ChaNGa
Building
This machine is really nuts, 192 cores in 2 sockets per node.
This module set:
openmpi/4.1.5rc2/hpcx
Build with:
./buildold ChaNGa verbs-linux-x86_64 smp -j8 --with-production
./charmrun.smp +p 190 ++mpiexec ./ChaNGa.smp ++ppn 95 +setcpuaffinity +commap 0,96 +pemap 1-95,97-191 agora.param
works one one node
Running 3 steps with agora low:
- 192 cores, SMP (2 processes, full commap): 167 seconds!
- 192 cores, SMP (2 processes, no commap): > 600 seconds!
- 96 cores, SMP (1 processes): 320 seconds
- 192 cores without cpuaffinity/comap: doesn’t run!
- 192 cores without SMP (192 processes): absurdly slow
Fastest choice for agora:
./charmrun.smp +p 95 ++mpiexec ./ChaNGa.smp ++ppn 95 +setcpuaffinity +commap 0 +pemap 1-95 agora.param
- Weirdly this requires 192 MPI tasks???
- It seems to still be just as fast if I use 48 SMP tasks as well??
- 24 is slower by ~50%.
- I can’t get it to be fast without 192 MPI tasks!
- It’s slower if I spread the pe map around, but only by ~40%
- It’s WAY slower without commap or pemap (10x slower)
What if I just try compiling with the multicore options?

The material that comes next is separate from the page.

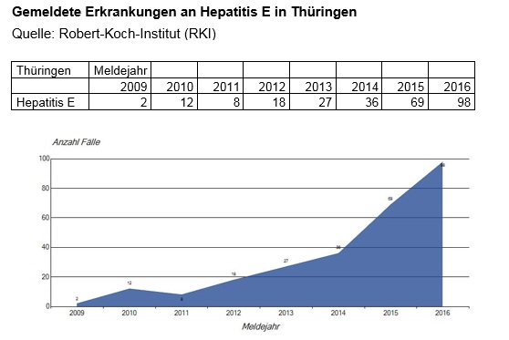 Auch bundesweit entwickeln sich die Zahlen steil nach oben: von 458 Fällen (2013) auf über 1200 im vergangenen Jahr. Die Ursache für den Anstieg ist nicht hinreichend geklärt. Mögliche Gründe sind auch eine größere Aufmerksamkeit der Ärzte sowie bessere Laborverfahren. Nach Angaben des Bundesinstituts für Risikobewertung wurden die Erreger von Hepatitis-E in mehr als 100 verschiedenen Wurstsorten nachgewiesen. Demnach stellen rohe Würste, aber auch Tee- oder Mettwurst ein hohes Risiko dar. Einer Studie zufolge wurden laut Robert-Koch-Institut bei 17 Prozent der deutschen Bevölkerung spezifische Antikörper im Blut gefunden, die auf eine ausgeheilte Hepatitis-E-Infektion hinweisen.

Hoo boy that’s fast and easy…
pkdgrav3
Compiling
- Load these modules:
python/3.12.9/gcc.8.5.0 fftw/3.3.10/gcc-8.5.0/openmpi-4.1.6 boost/1.84.0/gcc.8.5.0 gsl/2.7.1/gcc-8.5.0 openmpi/4.1.6/gcc.8.5.0/mt hdf5/1.14.6/gcc-8.5.0/openmpi-4.1.6
- FFTW needs to be explicitly pointed at:
cmake -DFFTW_ROOT=/opt/ohpc/pub/apps/uofm/fftw/3.3.10-gcc-mpi/ -S . -B build
- Needs to use
mpirun
to execute,srun
doesn’t work for reasons
Performance
- Using 4 or 8 tasks per node is good.